THE GOOD NEWS REPORT YOU CAN READ NOW!

Since other reports that may be of interest to you are not yet available you can get your fill of good reading with this weekly summary of some of the inspiring actions and accomplishments from across the country and the globe of those trying to save our democracy.  The British took to the streets to demand a reconsideration of Brexit, New Zealanders continued to show love and support to those mourning their lost love ones, and across the U.S. big and small local groups protested and descended on their state legislatures that were in session to demand progressive legislation and to try to stop regression on so many issues.  You can also follow WhatWentRight.org on Twitter at @WhatWentRight_ to get additional daily good news posts and information about actions and activities that you can participate in.  Some highlights from this week’s are;

  • Minnesota and Pennsylvania agreed to take better care of their prisoners.
  • Harmful chemicals in paint stripper and oil and gas drilling on some federal lands were blocked.
  • Facebook will change the discriminatory nature of many of their ads.
  • Baltimore and Virginia put a stop to bad gun laws that were proposed.
  • Michigan will stop funding adoption groups that ban LGBTQ parents.
  • The Virginia governor stood up for immigrants.
  • Judges put a temporary stop to two different abortion bans in Kentucky and Ohio.
  • And it was a very good week for Native Americans with the U.S. Supreme Court upholding the terms of an 1855 treaty with the Yakama Nation, Washington state making it easier for them to vote and Texas prisons now allowing them to grow their hair long as part of their religion.
  • READ ON TO FIND OUT ABOUT SO MANY MORE GOOD THINGS

 

🧕 STANDING UP FOR IMMIGRANTS #StandWithImmigrants

  • A flight attendant with DACA status and crew member of a flight returning to Houston from Monterrey, was released by I.C.E. after being detained for 6 weeks upon her return from Mexico after mistakenly being told by her employer, Mesa Airlines that she could work the flight under DACA rules.
  • The democratic Governor of Virginia vetoed a bill that would have required jails to notify I.C.E. when the release date of an illegal immigrant is known.

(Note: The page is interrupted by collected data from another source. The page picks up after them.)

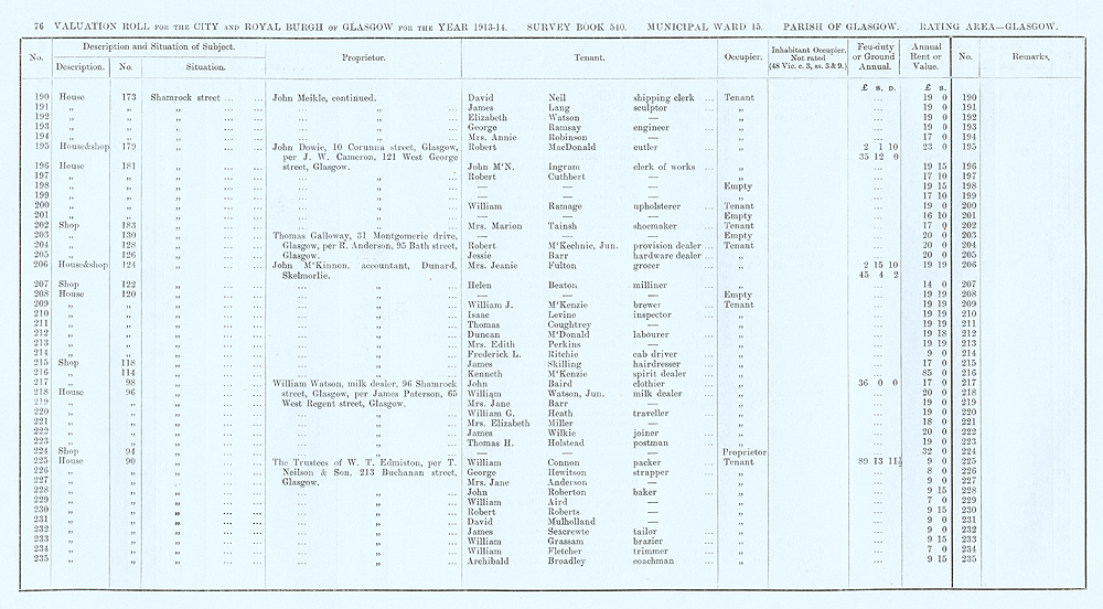 Glasgow Valuation Roll VR 1913-14, Ward 15, p076
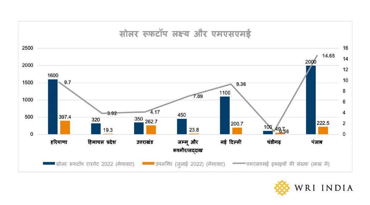 विकासशील भारत खुद को स्वच्छ ऊर्जा को अपनाने की दिशा में प्रेरित करता रहा है और 2030 तक 500 GW का अक्षय ऊर्जा का लक्ष्य निर्धारित करा है| हालांकि यह लक्ष्य बहुत महत्वाकांक्षी है, लेकिन इस तथ्य को बताते हुए कि 2002 में नवीकरणीय ऊर्जा का प्रतिशत सिर्फ 2% था जो 2010 में बढ़कर 10.90% हो गया और दिसंबर 2021 में 38.48% हो गया, इस गति को जारी रखने पर लक्ष्य आसानी से प्राप्त किया जा सकता है| इसमें बडा योगदान दक्षिणी राज्यों का रहा है और उत्तरी राज्यो ने भी एक महत्वपूर्ण भूमिका निभाई है लेकिन अपेक्षाकृत थोडे पीछे रहे हैं। नीचे दिया गया चार्ट सौर रूफटॉप लक्ष्यों का 2022 राज्यवार तुलनात्मक विश्लेषण और अगस्त 2021 तक की गई उपलब्धि प्रदर्शित कर रहा है। इसके साथ ही प्रत्येक राज्य में मौजूद एमएसएमई को भी प्रस्तुत किया गया है।
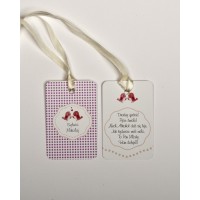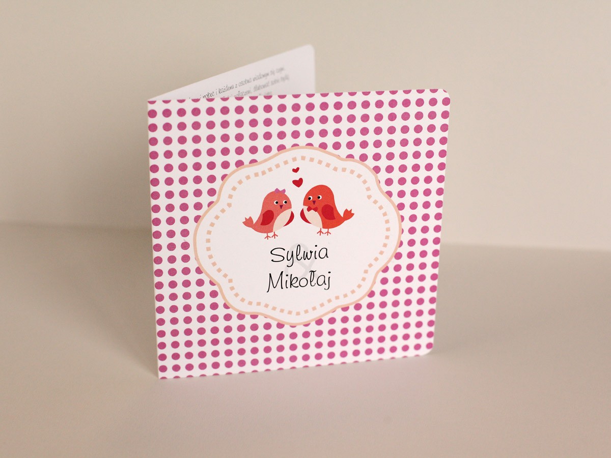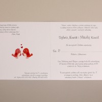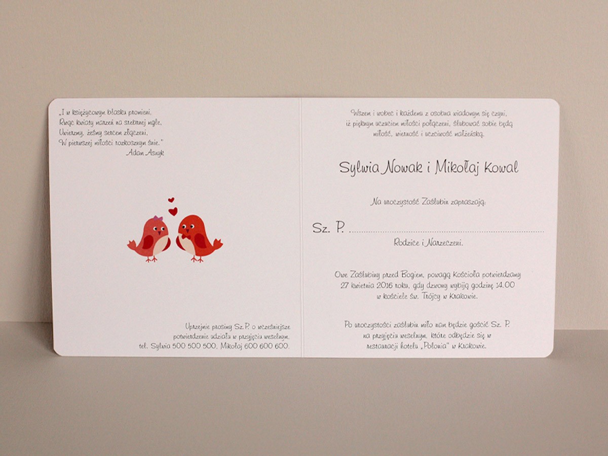 Cena zaproszenia zawiera wykonanie nadruku na papierze KREDA MAT o gramaturze 350g. Po złożeniu ma kształt kwadratu z zaokrąglonymi rogami o wymiarach 13,5 x 13,5cm. Zaproszenie zadrukowane jest z obu stron, z zewnątrz kolorowa okładka, wewnątrz treść (font dowolny) wraz z ornamentalną ilustracją.
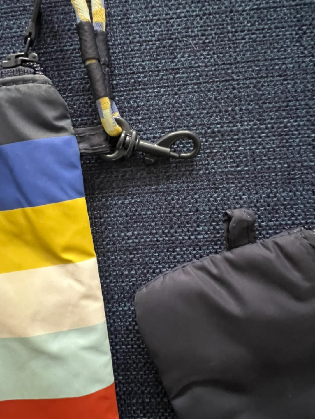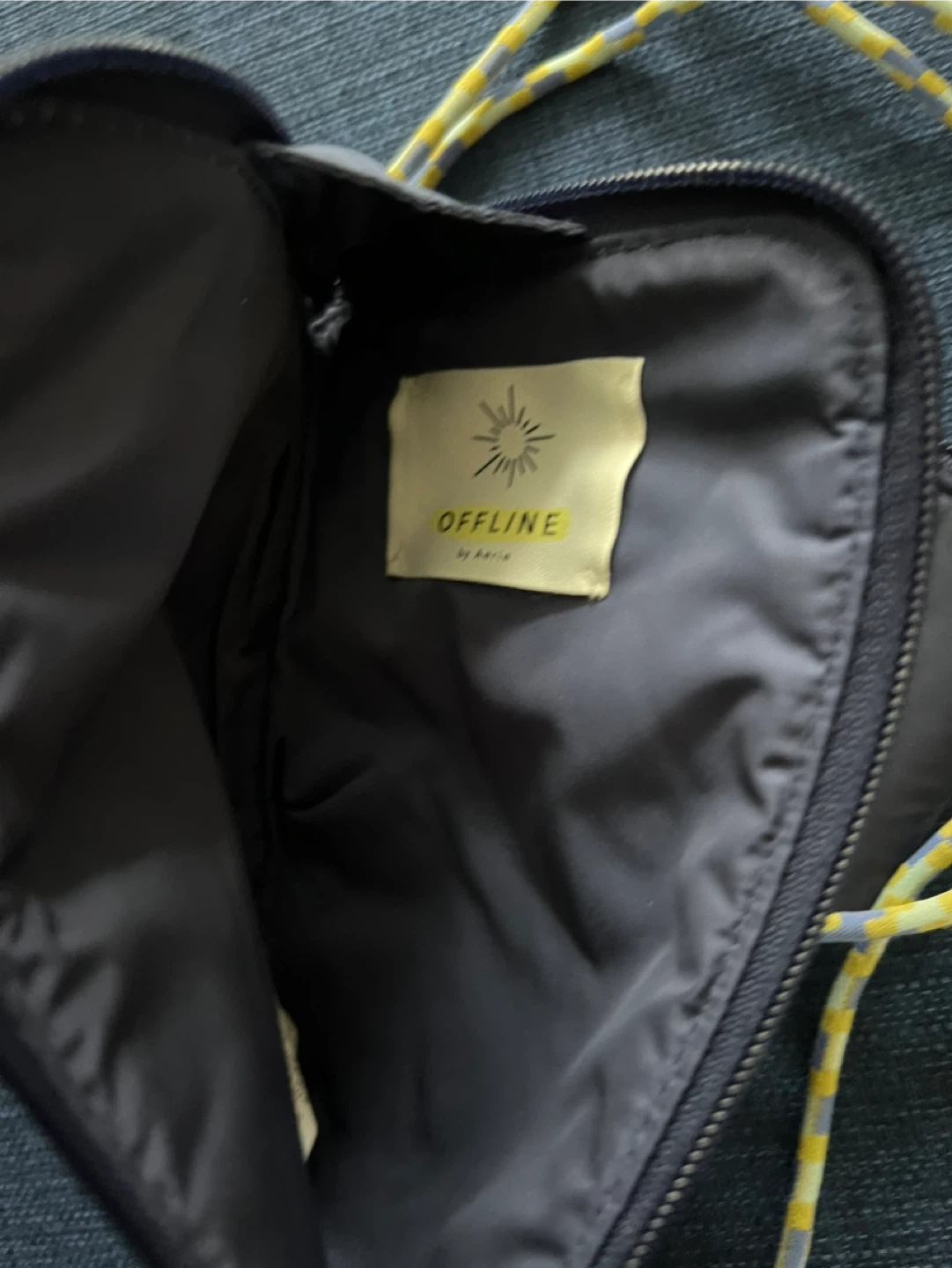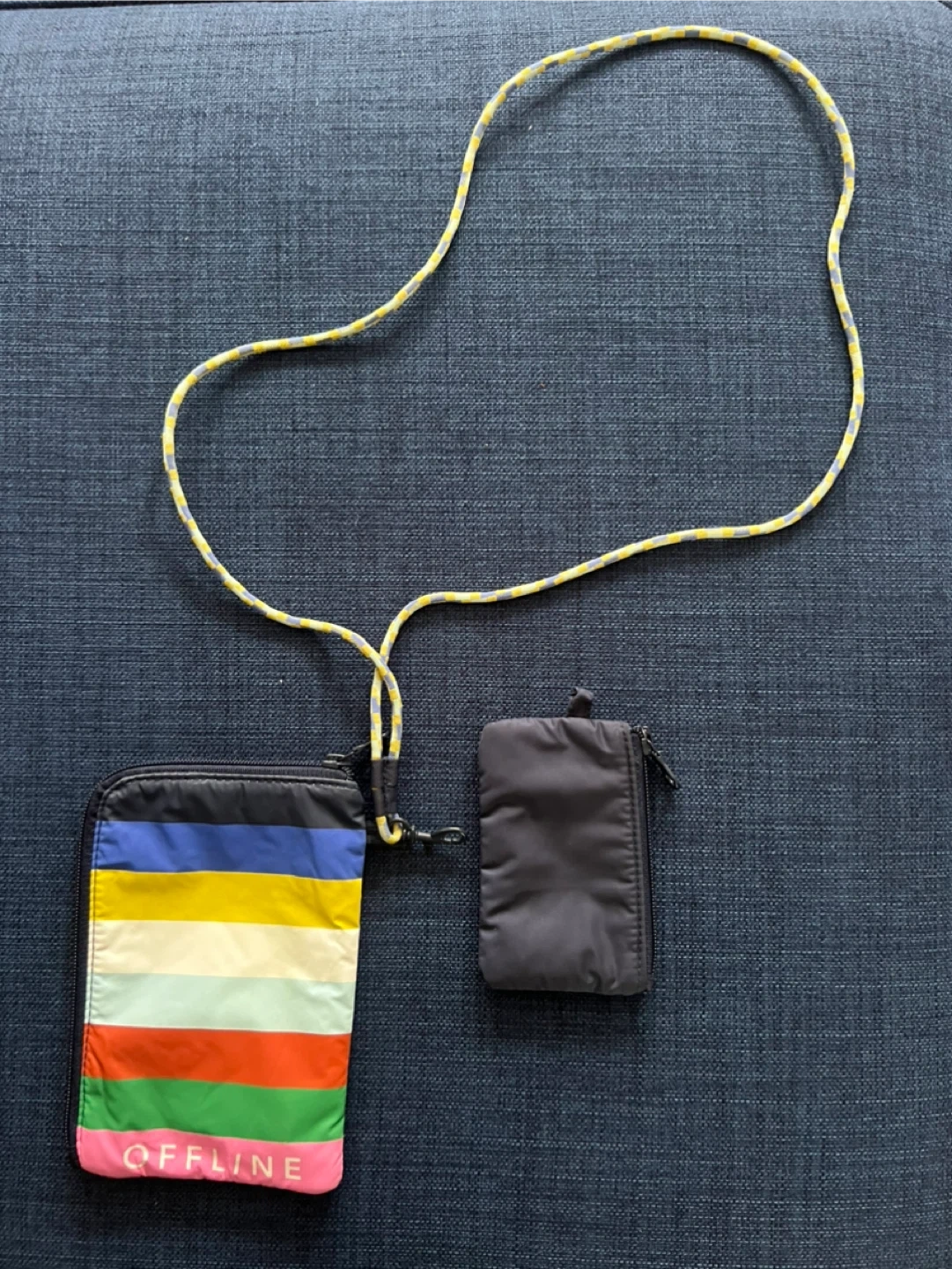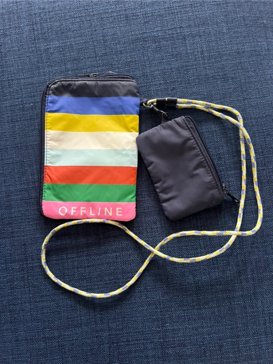 This set includes a colorful striped pouch and a smaller dark blue pouch, both with zippers. It comes with a lanyard that attaches to both. The larger pouch has the wording "OFFLINE" printed vertically on a pink stripe. It's a great way to keep essentials organized on a walk or a hike. Bigger pouch fits a cell phone.

⚖️ THE INTERSECTION OF ECONOMIC JUSTICE, CIVIL RIGHTS, RACIAL EQUALITY, AND CRIMINAL JUSTICE

HEALTH CARE AND WAGES #PoorPeople’sCampaign

  • Maryland legislature sent a bill to governor raising the state’s minimum wage to $15 after it passed with a veto proof majority.
  • The U.S. Supreme Court declined to hear an appeal by the California Trucking Association leaving a lower court ruling favoring the designation of employee rather than contractor classification of many truck drivers by motor carriers.
  • Starting in 2021 New Jersey will start running its own Affordable Care Act marketplace rather than letting the federal government operate it.
  • Wisconsin Gov. and AG announced they would remove Wisconsin from a multi-state lawsuit seeking to repeal the Affordable Care Act.
  • A large Massachusetts property management company agreed to pay $600,000 and implement new policies and trainings to settle a claims they discriminated against applicants and tenants based on their race and income source.
  • The U.S. Supreme Court ruled in favor of citizens of the Yakama Nation and held that Yakama Treaty of 1855 with the United States “pre-empts” the fuel tax charged by the state to a tribe member because the treaty allows the tribe members “the right, in common with citizens of the United States, to travel upon all public highways.”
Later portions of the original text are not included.